## Problem
Write out exactly, please, every line from the beginning of the entries to the line holding "Mermaid Trumpet Floor", and no pictures.

## Data to process
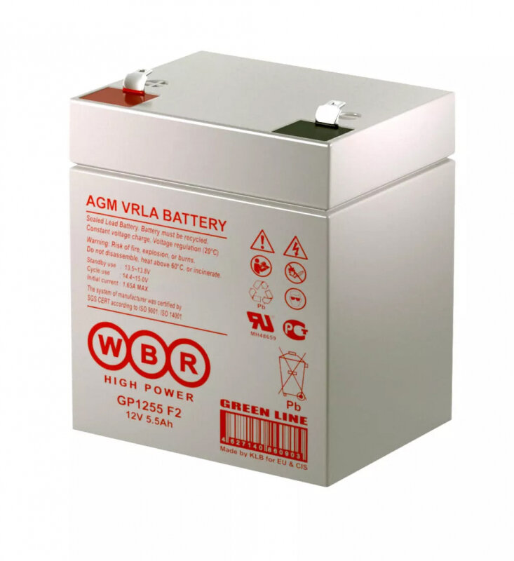 Аккумулятор WBR GP-1255 (12В, 5.5Ач / 12V, 5.5Ah / вывод F2) информация:
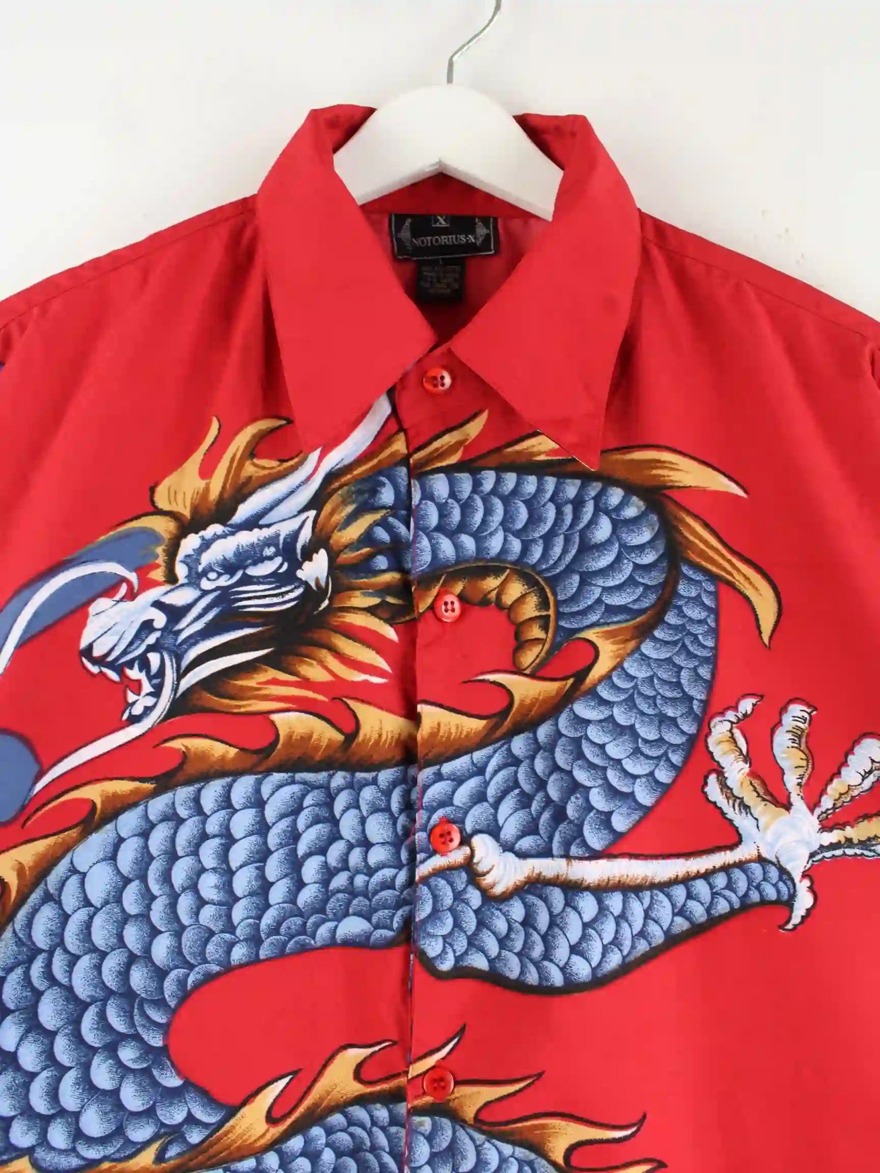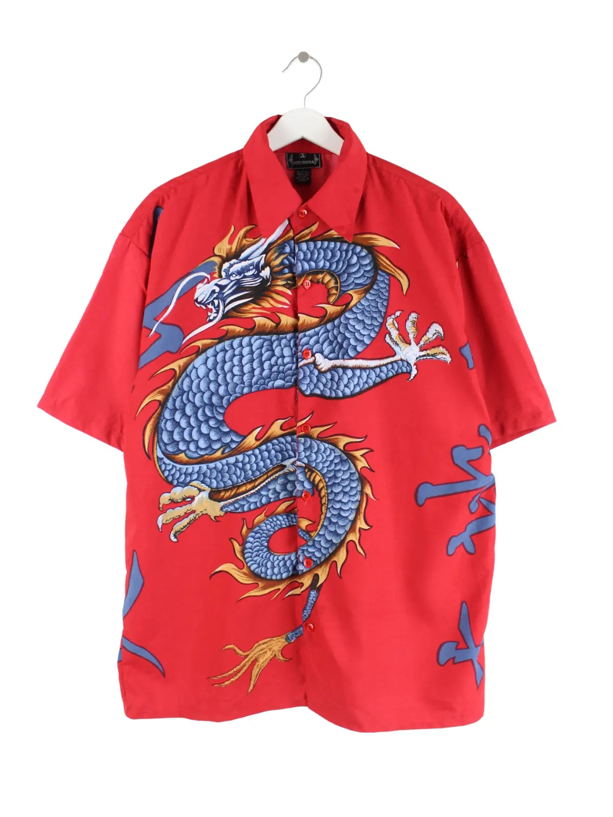 Vintage y2k Dragon Kurzarm Hemd Rot L
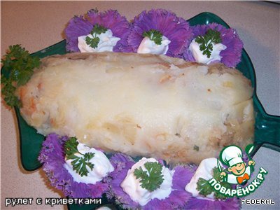Выложить на смоченное полотенце, разровнять, выложить начинку из креветок и закрутить рулетом с помощью полотенца.
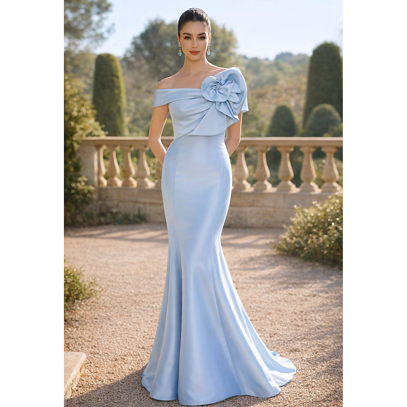 Mermaid Trumpet Floor Length Evening Gown Ball Gown Formal Dress Elegant Silky Short Sleeve Off Shoulder Wedding Formal Pocket Satin with Embroidered Flower
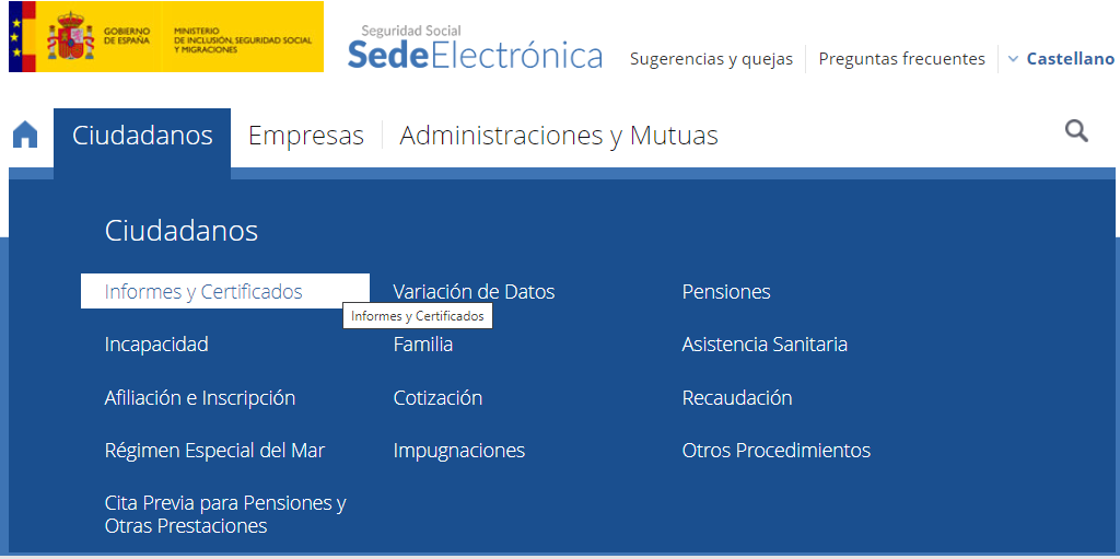 3.- Después, dentro de ciudadanos elegimos informes y certificados
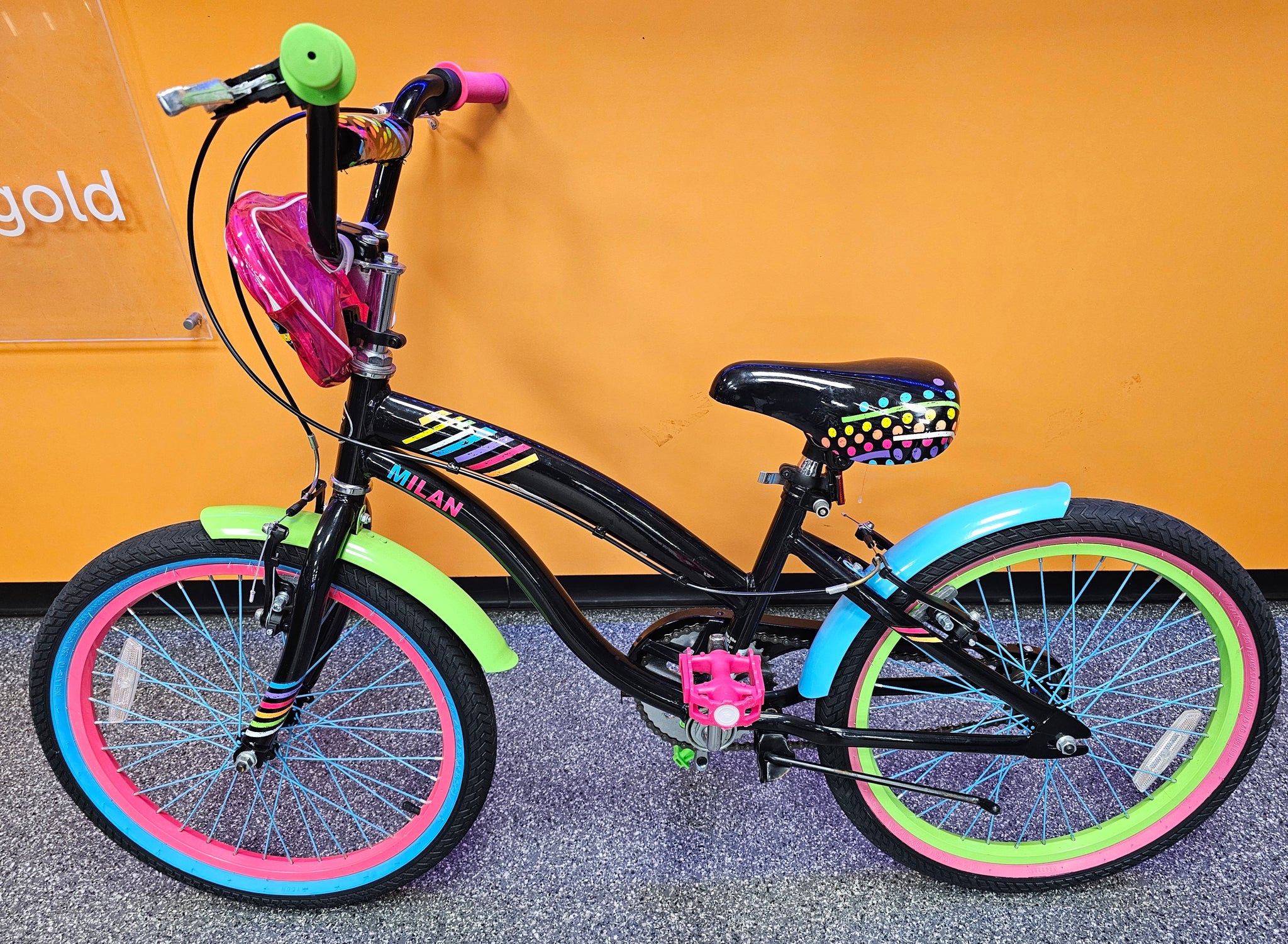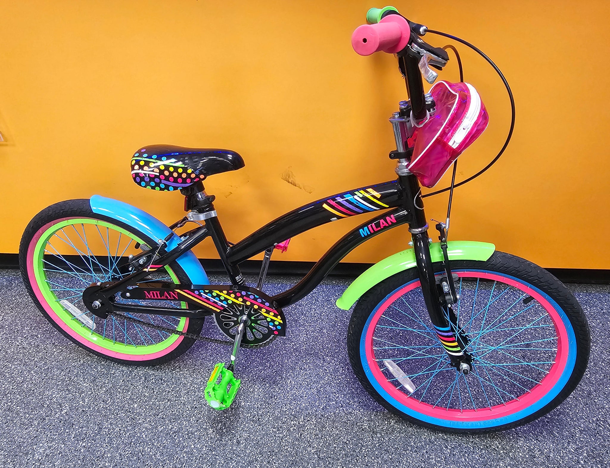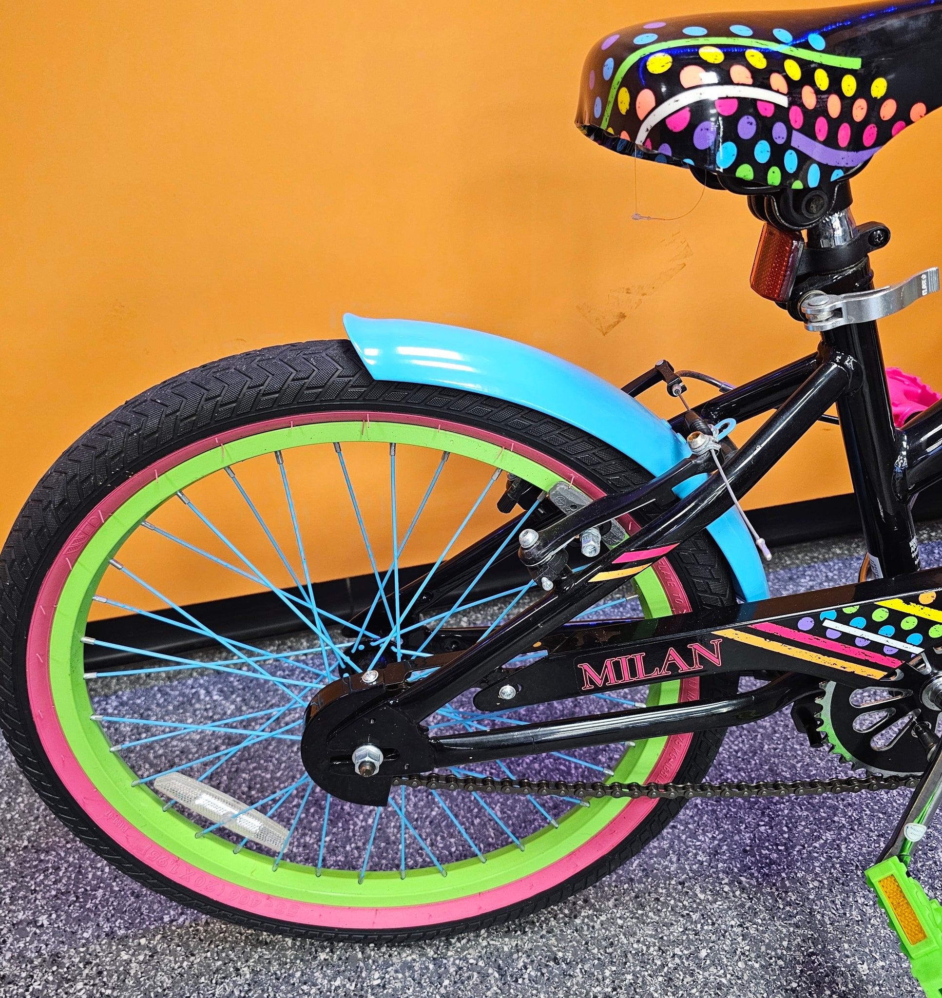 Key features Steel Bike Frame: enhanced durability, designed for a smooth and stable ride 20 Inch Wheels: with allow wheel rims and pneumatic air-filled tyres Fixed Gear Bike: lets children focus on pedalling, steering and braking Half-Closed Chain Guard: protects against dirt and moving parts for secure cycling Front and Rear Alloy V-brakes: strong, reliable stopping power with enhanced control Front and rear reflectors, front and rear mudguards, and kickstand Black finish, rainbow neon details and matching handlebar bag Contents: 1x Milan Bike with 20 Inch Wheels To fit inside leg measurement 50cm - 72cm
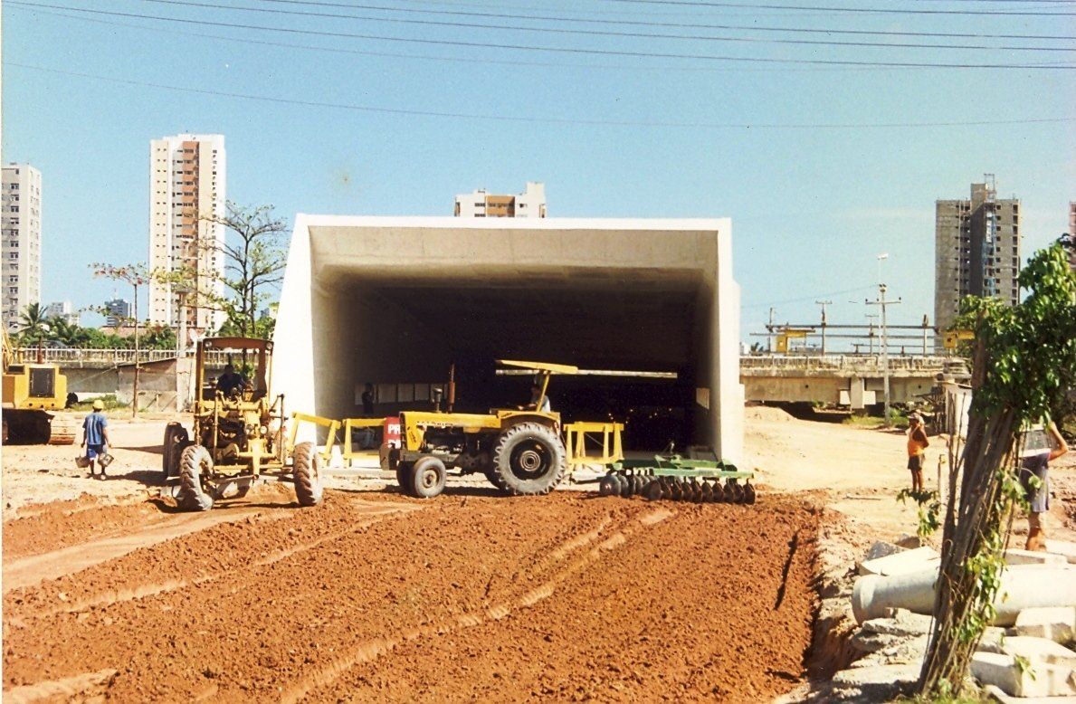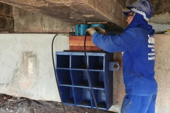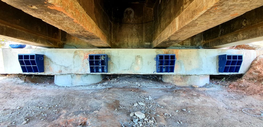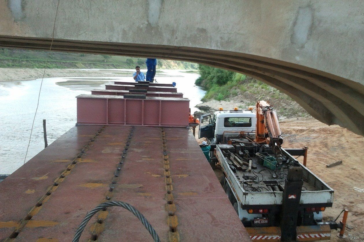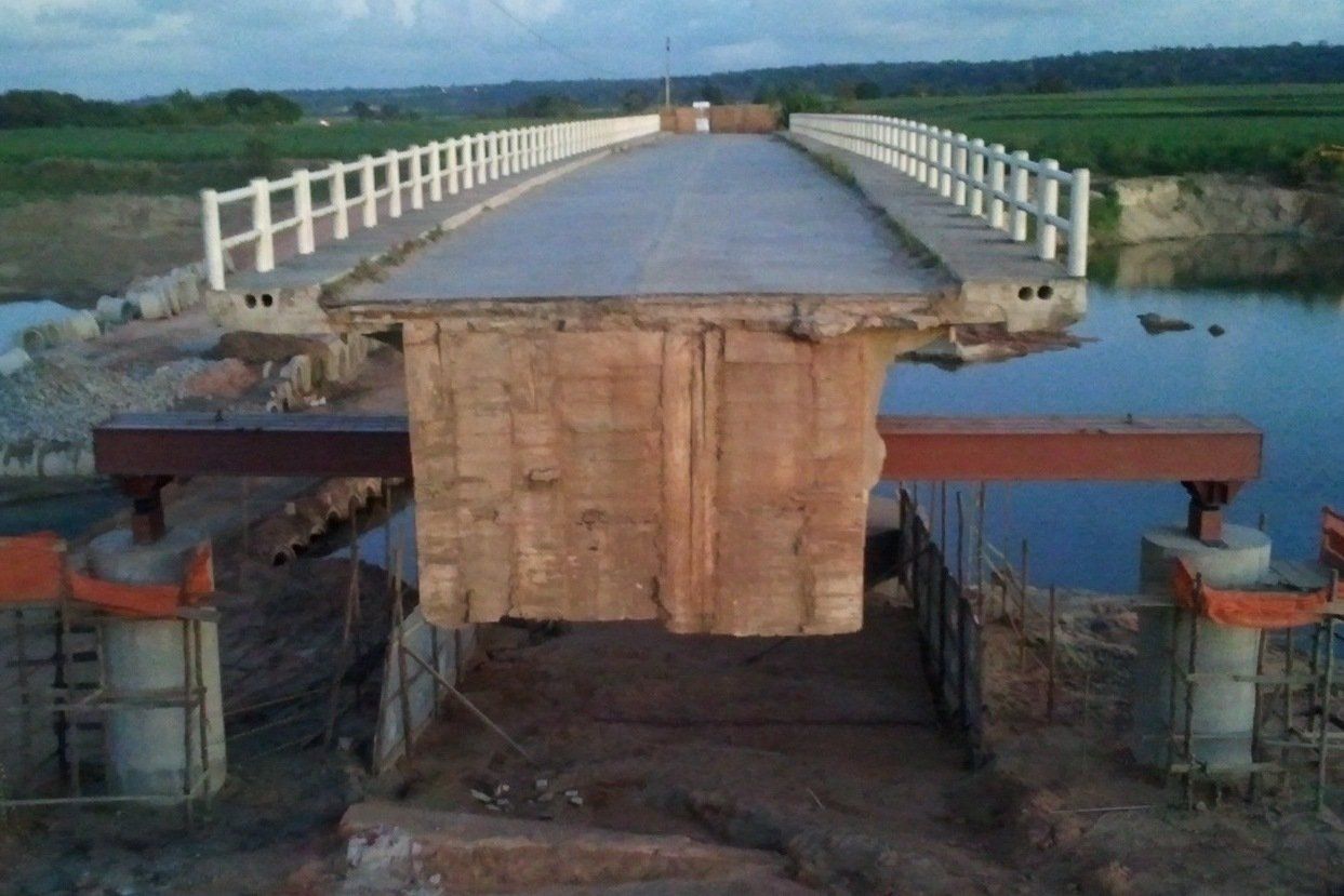 Ponte da Batalha, Rodovia PB-04, Santa Rita - PB. Projeto do escoramento emergencial com estrutura metálica e fundações em tubulões a arcomprimido devido ao colapso do encontro em função das cheias do Rio Paraíba (Jatobeton Engenharia / DER-PB)
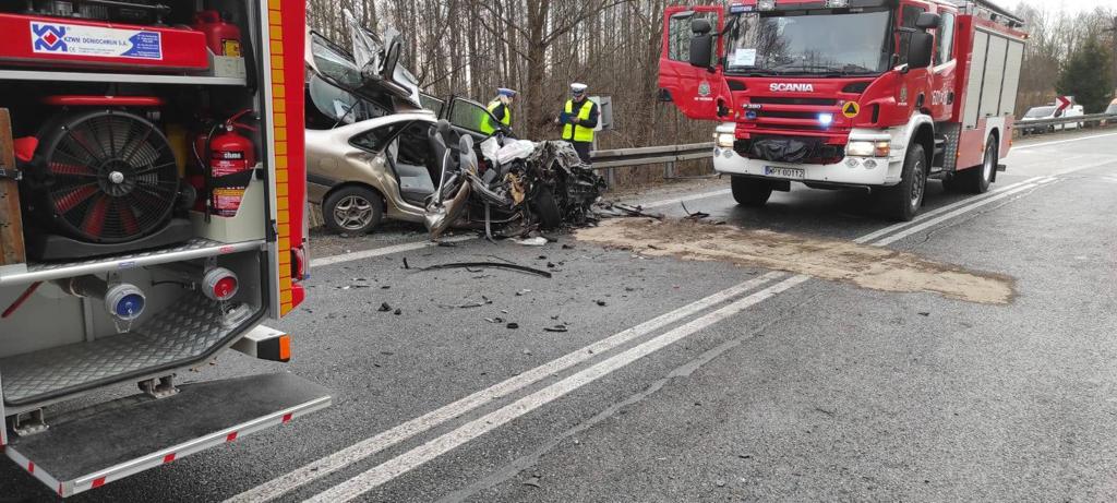 W dniu dzisiejszym około godz. 7:45 wpłynęło zgłoszenie o wypadku drogowym w miejscowości Goździków w powiecie przysuskim. Na DK 12 doszło do zderzenia czołowego samochodu osobowego z samochodem ciężarowym - piaskarką. Samochodem osobowym podróżowało 5 osób – 2 z nich trafiły do szpitala. Działania na miejscu zdarzenia nadal trwają. Droga zablokowana jest w obu kierunkach.
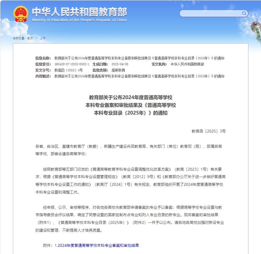 近日,教育部印發《關于公布2024年度普通高等學校本科專業備案和審批結果及〈普通高等學校本科專業目錄(2025年)〉的通知》,我校申報的神經科學、生物材料、智能醫學工程三個專業獲準設置。

## Exercise output
 Аккумулятор WBR GP-1255 (12В, 5.5Ач / 12V, 5.5Ah / вывод F2) информация:
 Vintage y2k Dragon Kurzarm Hemd Rot L
Выложить на смоченное полотенце, разровнять, выложить начинку из креветок и закрутить рулетом с помощью полотенца.
 Mermaid Trumpet Floor Length Evening Gown Ball Gown Formal Dress Elegant Silky Short Sleeve Off Shoulder Wedding Formal Pocket Satin with Embroidered Flower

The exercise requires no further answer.